Junior Women's Hockey League
- Sport: ice hockey
- Founded: 2007
- Country: United States Canada

= Junior Women's Hockey League =

The Junior Women's Hockey League is an ice hockey league established in 2007 by Bill Driscoll and Kush Sidhu, coaches of North American Hockey Academy and the Washington Pride, respectively, in order to provide opportunities for young females to develop into collegiate student-athletes. U19, U16 and U14 divisions are sanctioned by the JWHL.

== History ==
A successful league since its first season, the JWHL has seen hundreds of players sign with NCAA Division I or Division III schools since 2007. Over 20 JWHL players have skated for the U.S., Canadian, Czech, and Japanese Under-18 National teams.
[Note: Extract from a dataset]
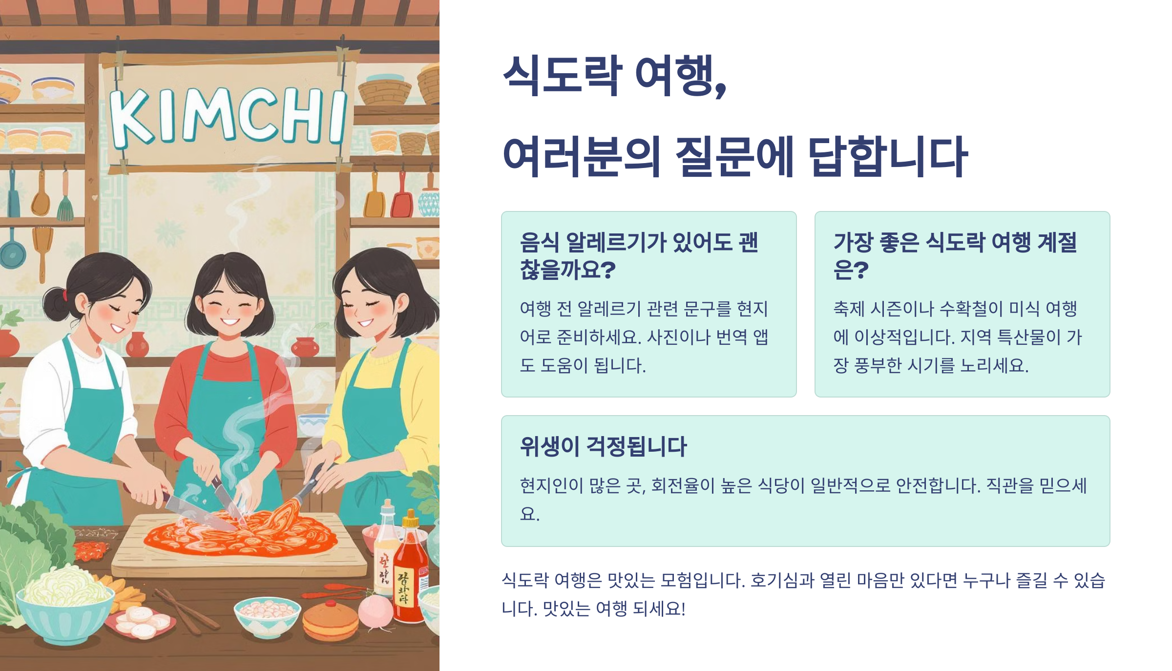 A. 봄·가을은 지역 축제와 신선한 제철 재료가 풍부해 식도락 여행에 최적입니다. 여름엔 해산물, 겨울엔 따뜻한 국물 요리가 인기입니다.

The JWHL was developed to bring together teams that regularly produce NCAA calibre players. The league started with four teams, expanding to 12 teams in 2012-13. Ten teams will compete in the 2017-18 season.

== Season competition ==
Currently, each team plays all the other teams three times during the regular season (27 games in the 2017-18 season). All teams also compete in the JWHL Challenge Cup (see below). Following the regular season, a playoff is held to determine the JWHL Champion.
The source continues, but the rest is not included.